Виноградов С

Спасибо, Ефим. Так, наверное и сделаю. Но меня еще мучает 3-й способ получения концентрированной азотной по Брауэру. Там сказано: "Способ 3. KNO3+H2SO4 -> HNO3+KHSO4. Чистую, безводную HNO3 получают взаимодействием нитрата калия с конц. H2SO4 в вакууме водоструйного насоса." Про перегонку при этом способе ничего не сказано у Брауэра. Неужели просто реакция при низком давлении с последующей фильтрацией (чтобы удалить гидросульфат калия)? Или Брауэр - любитель недосказывать?

И еще, думал что с пятиокисью фосфора будет дешевле: на 1 кг 67% азотной по Карякину требуется 200 гр пятиокиси, а она идет по 300 руб, то есть 60 руб. А по Брауэру на 1 л азотной 1.4 требуется 2 л концентрированной серной, то есть на 1 кг азотной - 2.57 кг серной, которая идет около 100 руб за кг - то есть 257 руб. Если не заниматься регенерацией серной кислоты, то 60 руб всяко меньше 257 рублей и через пятиокись получать концентрированную азотную кислоту выгодней.

Я хотел попробовать с пятиокисью фосфора, ибо думал, что с ней будет менее вредно для здоровья, чем с серной кислотой. Пока что единственное преимущество, которое я заметил - это температура кипения 120, а не около 200 градусов, как при серной (так как Карякин пишиет: "следует брать реторту хорошего прочного стекла"). Но из-за утечки азотных паров, похоже, с пятиокисью фосфора получается более опасно для здоровья.

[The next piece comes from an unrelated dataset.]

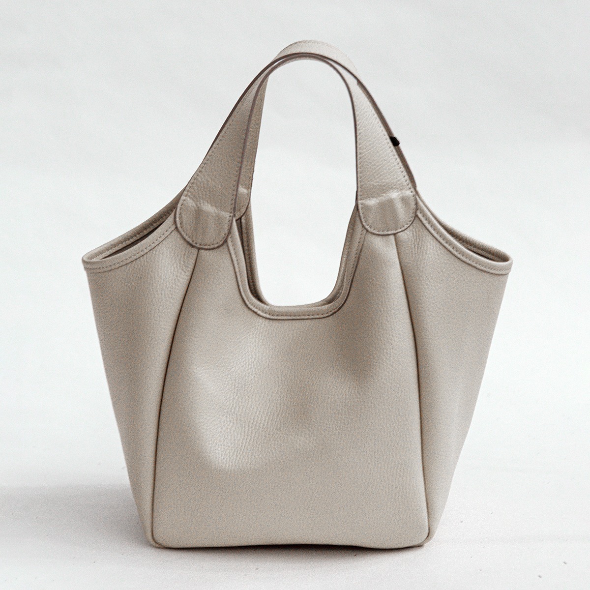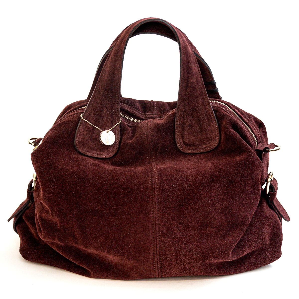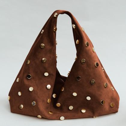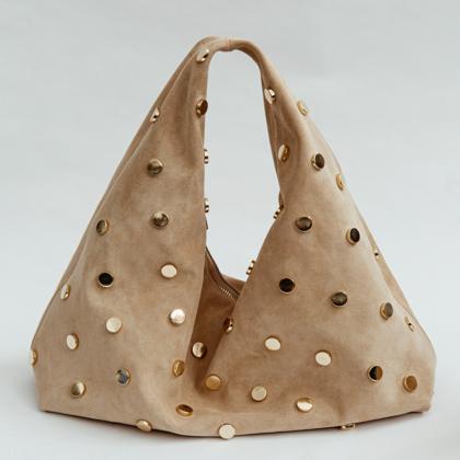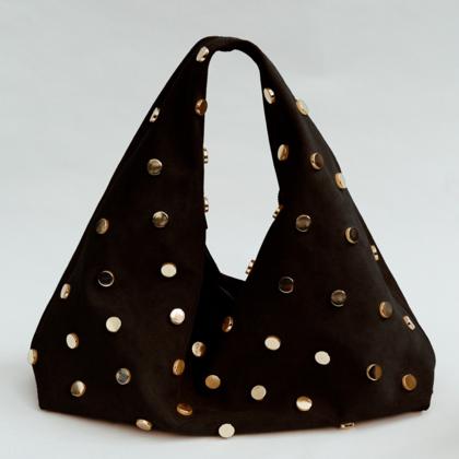 Large, practical, and sporty shoulder bag in cowhide leather. Zip closure with functional external pockets on the handle. Attachable shoulder strap. Silver-colored accessories, studs on the bottom, and a lined interior.

А можно ли вообще заменить оксид фосфора - 85% ортофосфорной кислотой (или 100%-й, выпарив при 158 гр до твердого состояния - она, насколько пишут, не образует азеотроп) для получения того же эффекта, что и у Карякина? То есть, для того, чтобы при перегонке не получался азеотроп азотной кислоты с водой, и при температуре около 120 градусов (именно при этой температуре начиналось кипение в колбе с прореагировавшей смесью 5 частей азотной кислоты и 1 части пятиокиси фосфора) уходила только азотная кислота?

Как я вам забью пятиокись в капельную воронку? А вот азотку - легко. Итак приходится работать под вытяжкой в противогазе - слишком бурно кипит все это дело.

А еще, подскажите, пожалуйста, что делать с этим: при добавлении азотной кислоты к оксиду фосфора (V) происходит закипание кислоты и бурное выделение паров азотки в смеси с бурым газом. Можно ли пренебречь этими потерями, или как-то можно обойтись без них? Ну, например, смешивать кислоту с оксидом при минусовой температуре, или добавлять по капле и ждать, пока остынет и давление газа в системе упадет? Или потери кислоты будут относительно небольшими?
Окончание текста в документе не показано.